Bank and insurance company – cross-marketing of a third-party product – incompatible use and disclosure – fair obtaining and processing – small print and transparency



The complainant received a letter from his insurance company, informing him of their new credit card, and enclosing an explanatory booklet and application form. The complainant duly completed and returned the application form. Subsequently, he was contacted by a bank in connection with his credit card application. The bank – with which the individual already had a credit card account – queried the level of credit being sought by the individual, in the light of his existing credit card account.

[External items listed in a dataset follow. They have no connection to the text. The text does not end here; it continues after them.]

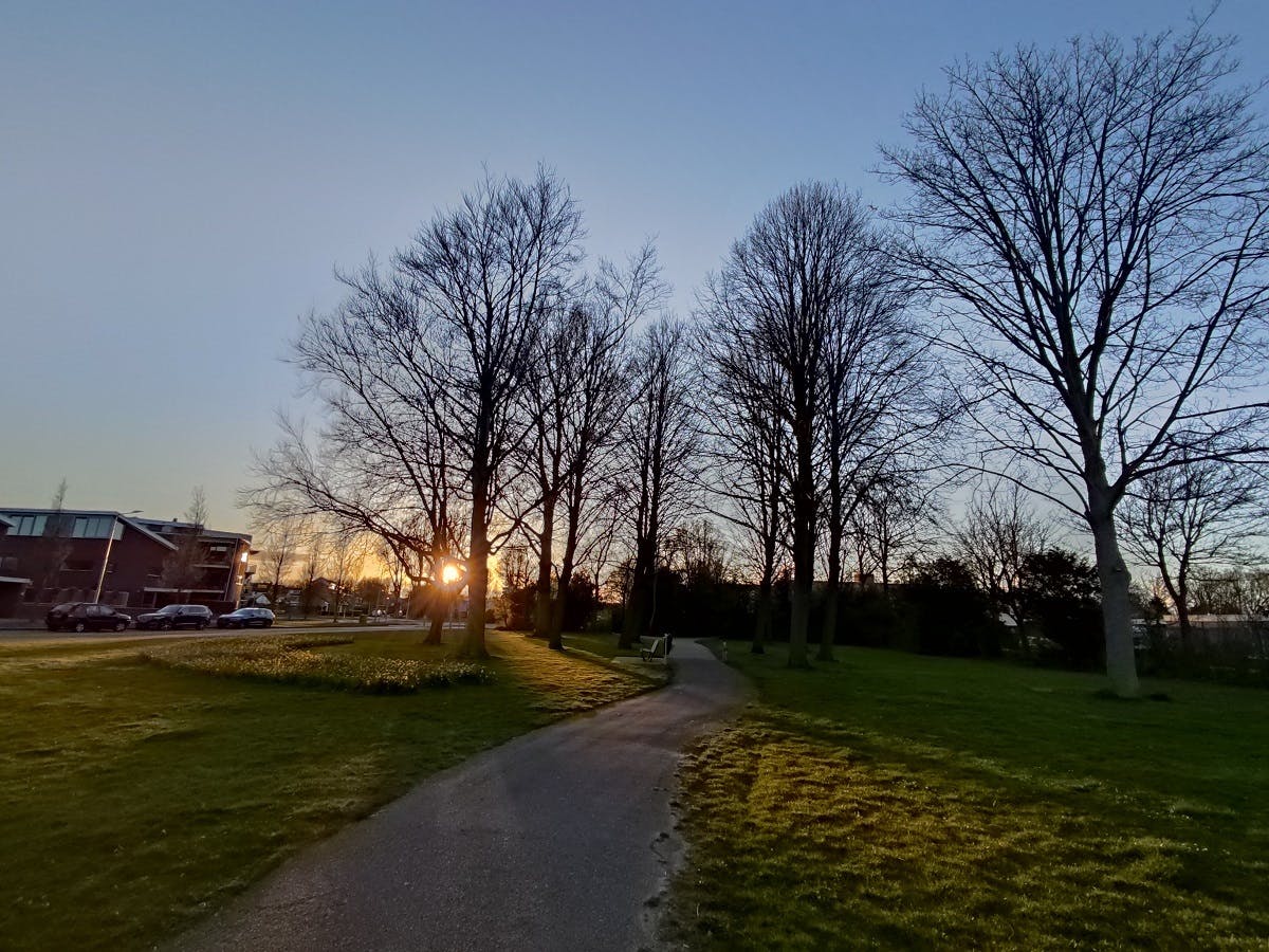 De Poco X3 Pro gebruikt de 48 megapixel hoofdcamera om vier pixels samen te persen voor betere foto’s. Standaard schiet de camera dus 12 megapixel plaatjes en die zien er overdag heel aardig uit. De foto’s ogen realistisch, scherp en gaan goed om met de ondergaande zon. De groothoeklens legt een wijdere foto vast en hoewel die op alle punten wat minder indrukwekkend is, is de kwaliteit prima. De lagere resolutie merk je vooral als je de afbeelding op je computerscherm of televisie bekijkt.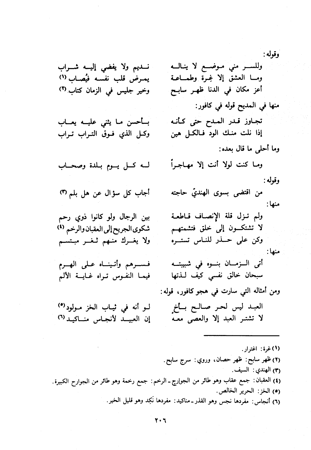 منها في المديح قوله في كافور:
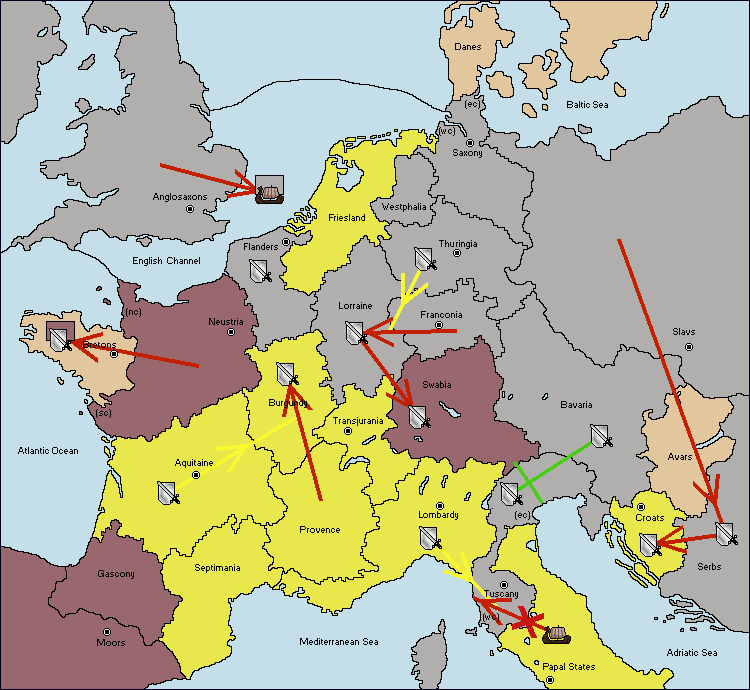 The fleet at Tuscany (West Coast) support hold to Lombardy.

The individual was most unhappy that the insurance company had apparently transferred his confidential personal data to another financial institution without his consent. The insurance company explained that they had an agreement with the bank, which was the issuer of the credit card, and that there was therefore no basis for his complaint.

The individual complained to my Office and made the following points:

  • The correspondence he had received from the insurance company enclosed an explanatory booklet and application form which referred throughout to the credit card as the insurance company's card. It also enclosed a return envelope addressed to the insurance company.
  • He clearly was given to understand that the communication from his insurance company was an offer to him to do further business with that company. The personal data which the company had used to contact him, and the information which he had furnished in his application, was of a confidential nature, and was to his mind a matter of private business between himself and his insurance company.
  • He did not want this confidential information to be disclosed to anyone other than the insurance company. In particular, he did not want the bank to have access to this information, and it was now apparent that the bank was seeking to use these confidential details to vary his existing credit limits.

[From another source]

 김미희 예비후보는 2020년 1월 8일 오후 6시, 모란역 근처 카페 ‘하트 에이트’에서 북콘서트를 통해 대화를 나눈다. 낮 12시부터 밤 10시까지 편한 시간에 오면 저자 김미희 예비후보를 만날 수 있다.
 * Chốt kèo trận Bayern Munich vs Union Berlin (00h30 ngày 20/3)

In Data Protection terms, the essence of the complaint was that the insurance company had used and disclosed the complainant's personal data in a manner incompatible with the purpose for which the data had been obtained (contrary to section 2(1)(c)(ii) of the Data Protection Act); and that the bank had obtained and processed the complainant's data unfairly, contrary to section 2(1)(a) of the Act.

In investigating the 'fair obtaining' aspects of this complaint, I considered it appropriate to examine in detail the documentation that accompanied the credit card offer. I noted that on the front of the application form applicants were advised to send the completed application form, in a provided "freepost" envelope, to what appeared to be the insurance company's address. In fact, my investigations established that the address was really that of the bank. The promotional literature and application form clearly marketed the credit card as an offering of the insurance company. References to the 'insurance company credit card' were in large, colourful print and were given considerable prominence. I noted that the only references to the bank, as issuer of the credit card, were contained in the 'small print' of the application form, setting out the detailed terms and conditions. Indeed, the brochure appeared to distinguish 'its' credit card from those offered by other financial institutions, including the bank in question: the brochure listed, for comparison, the interest rates payable on credit cards of nine other financial institutions, including that particular bank.

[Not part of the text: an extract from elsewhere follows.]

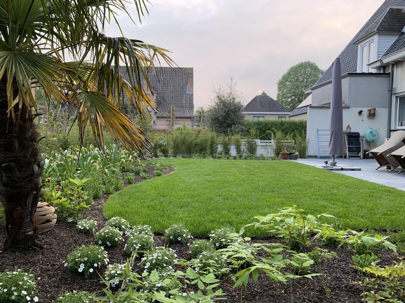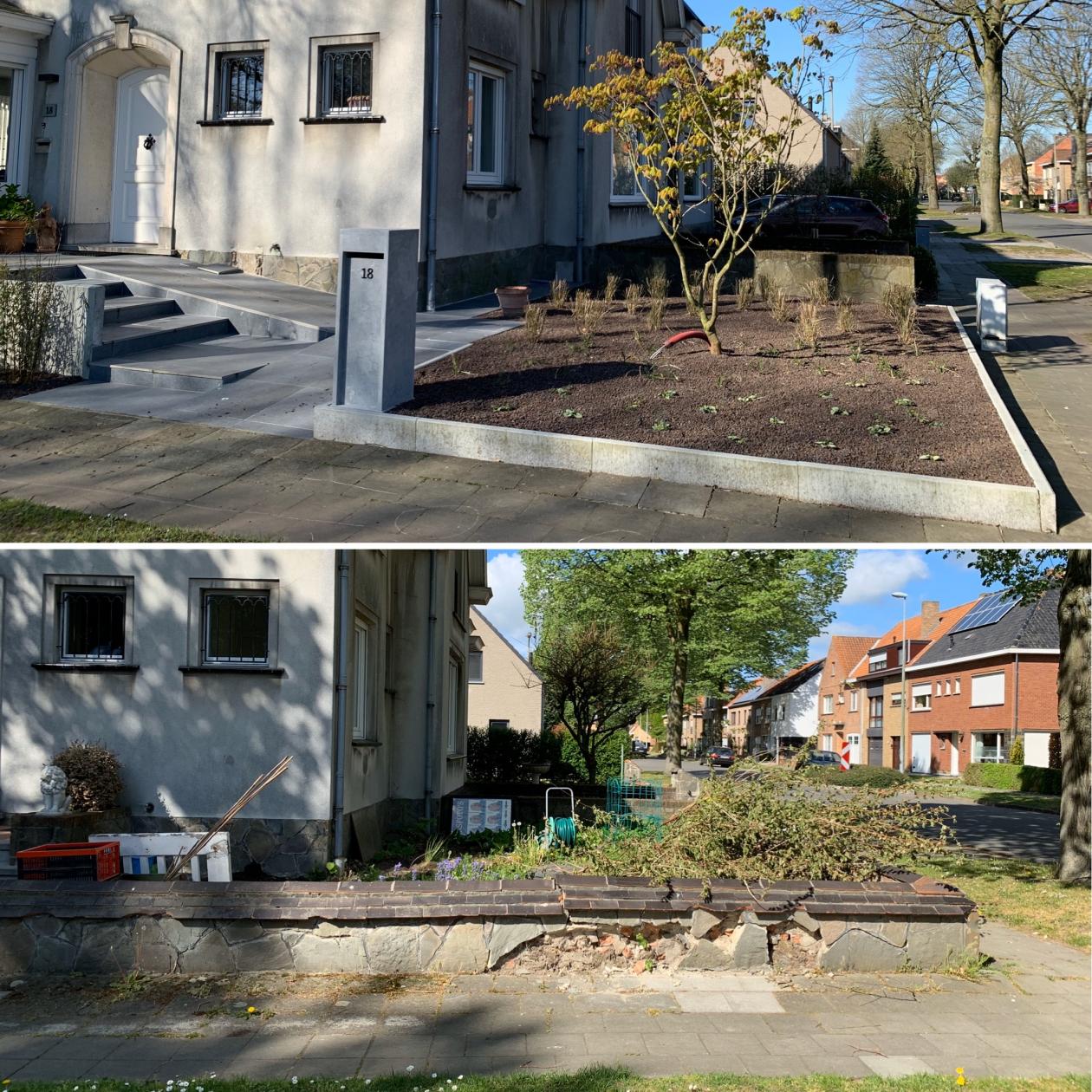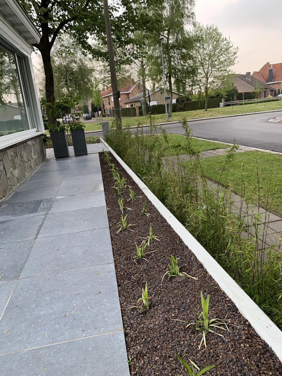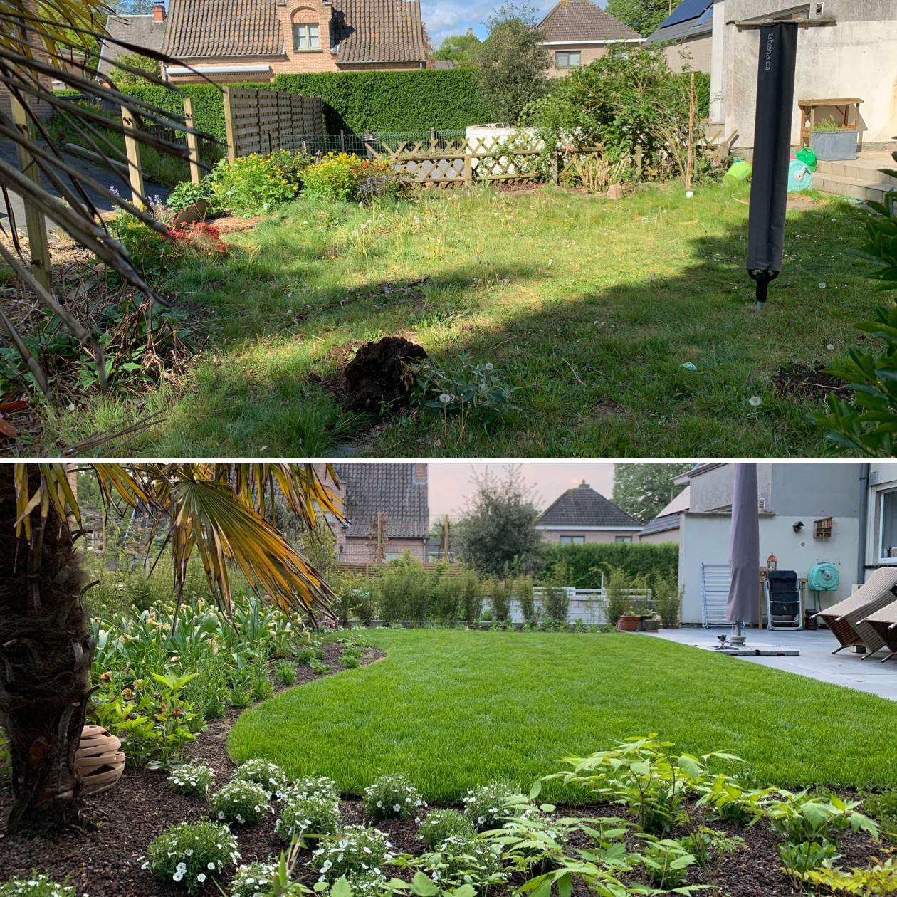 'Voor de volledige renovatie van onze tuin kozen wij voor tuinaanleg Bisschop. De renovatie omvatte: grondwerken zoals plaatsen van keerwanden, regenput, alle ondergrondse buizen vervangen, opvoeren met aarde. Daarnaast werd ook een ruim terras aangelegd, de volledige beplanting voorzien en graszoden. Wij kunnen eigenlijk vrij kort zijn over het team Bisschop. Het werkt als een perfect geoliede machine! Iedereen weet perfect wat hij moet doen, ze werken prachtig samen elk met zijn eigen specialiteit. Ook Dries staat steeds open voor ideeën of suggesties en helpt steeds zoeken naar oplossingen. Lindsay neemt dan weer het ontwerp en de voorbereidingen voor de aanleg van de planten voor haar rekening. Wat voor ons ook een groot pluspunt was is dat de offerte die gemaakt wordt tot op de cent klopt met de afrekening van de uitgevoerde werken. Ook planning en timing van de werken worden mooi nagekomen. Kortom: wij zijn zeer blij met onze keuze om met tuinen Bisschop gewerkt te hebben, we zouden het zo opnieuw overdoen. Echt een aanrader als je zoekt naar kwaliteit, mooie afwerking en goede prijs. Tuinen Bisschop is gewoon een topteam!

On raising the complaint with the insurance company and the bank, it was explained that a formal agreement was in place whereby the bank was the issuer of the credit card, and the insurance company acted as agents for marketing the card – a practice referred to in this context as 'cross-marketing.' On receipt by the bank of the complainant's application form, his personal details were inputted onto the bank's computer system, and a routine check was made against the bank's database for any cards currently held by the applicant. This check highlighted the existence of the complainant's existing credit card with the Bank.

After detailed consideration of the matter, I reached the following conclusions:

  • It was clear from the nature of the Agreement between the insurance company and the bank that the bank was envisaged as being the data controller in respect of the credit card which was on offer; and as such the bank was responsible for ensuring that the obligations imposed on data controllers by section 2 of the Act were complied with. In all of the circumstances of this case, the necessary prerequisites for 'fair obtaining' had not been met by the bank.
  • The insurance company kept personal data relating to the complainant for the purpose of administering his insurance policy, and for related secondary purposes. In inviting its customers to apply for the credit card, the insurance company had used their own customer database for a different and unrelated purpose, namely the direct marketing of a third-party product – the bank's credit card. The insurance company did not produce any evidence that the unrelated purpose was supported by the necessary consent. Accordingly, the insurance company was in contravention of section 2(1)(c)(ii) of the Act, which prohibits the use or disclosure of personal data in a manner incompatible with the specified purpose.

In coming to this decision, I noted that the insurance company had undertaken to revise the documentation to give appropriate prominence to the role of the bank. I also noted the view of both organisations that they had acted in good faith throughout, pursuant to the Agreement between them.

Finally, I pointed out to both parties – and drew to the attention of the Central Bank –that, as regards data protection law, any 'cross-marketing' exercise of this or similar nature should, in future, clearly indicate – with suitable prominence – the real identity of the companies involved, in a manner readily apparent to any reasonable person. This case also brought to light an interesting interplay between data protection law and the general law of contract. While contractual agreements may be legally valid (having regard solely to the provisions of general contract law), this does not obviate the need to comply with data protection rules – including the fair obtaining rule – when processing personal data in pursuance of a possible contract. Whether, and to what extent, the contractual validity of an agreement may be affected by a deficiency in terms of data protection law – such as a failure in regard to fair obtaining – is a question on which the courts may eventually be called upon to adjudicate.